Assignment :: Find the line that contains "Dzīvoklī Jūrmalā, Skolas". Copy it and every line after it to the end of the material below, exactly, with no pictures.

##########

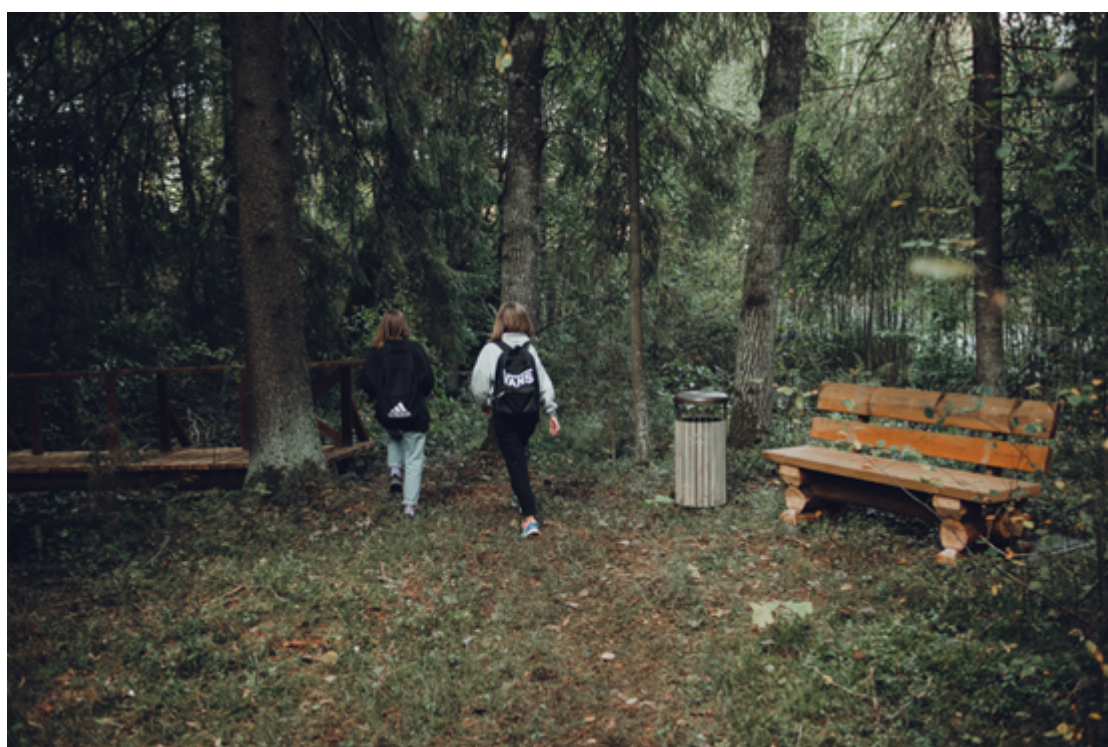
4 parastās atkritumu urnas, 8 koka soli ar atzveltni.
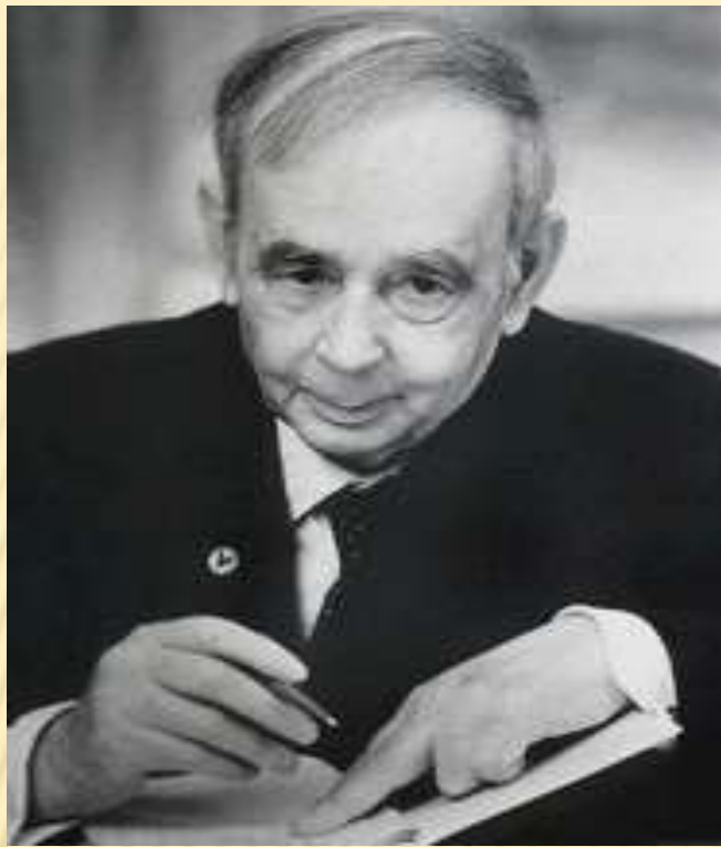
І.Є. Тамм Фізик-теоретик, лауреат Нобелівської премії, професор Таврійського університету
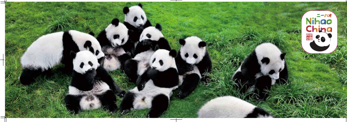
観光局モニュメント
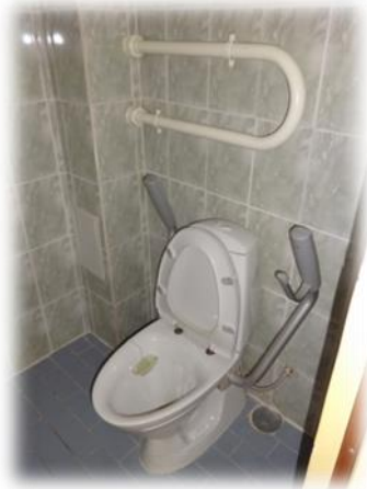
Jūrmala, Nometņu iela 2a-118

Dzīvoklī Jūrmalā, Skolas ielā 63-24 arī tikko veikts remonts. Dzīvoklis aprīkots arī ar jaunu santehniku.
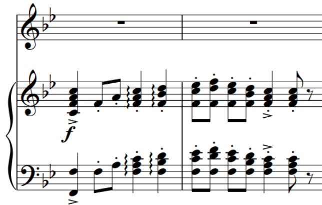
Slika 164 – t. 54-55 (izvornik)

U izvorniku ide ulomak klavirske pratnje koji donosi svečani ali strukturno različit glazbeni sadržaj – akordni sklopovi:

##########

Solution to the problem ::
Dzīvoklī Jūrmalā, Skolas ielā 63-24 arī tikko veikts remonts. Dzīvoklis aprīkots arī ar jaunu santehniku.
Slika 164 – t. 54-55 (izvornik)

U izvorniku ide ulomak klavirske pratnje koji donosi svečani ali strukturno različit glazbeni sadržaj – akordni sklopovi:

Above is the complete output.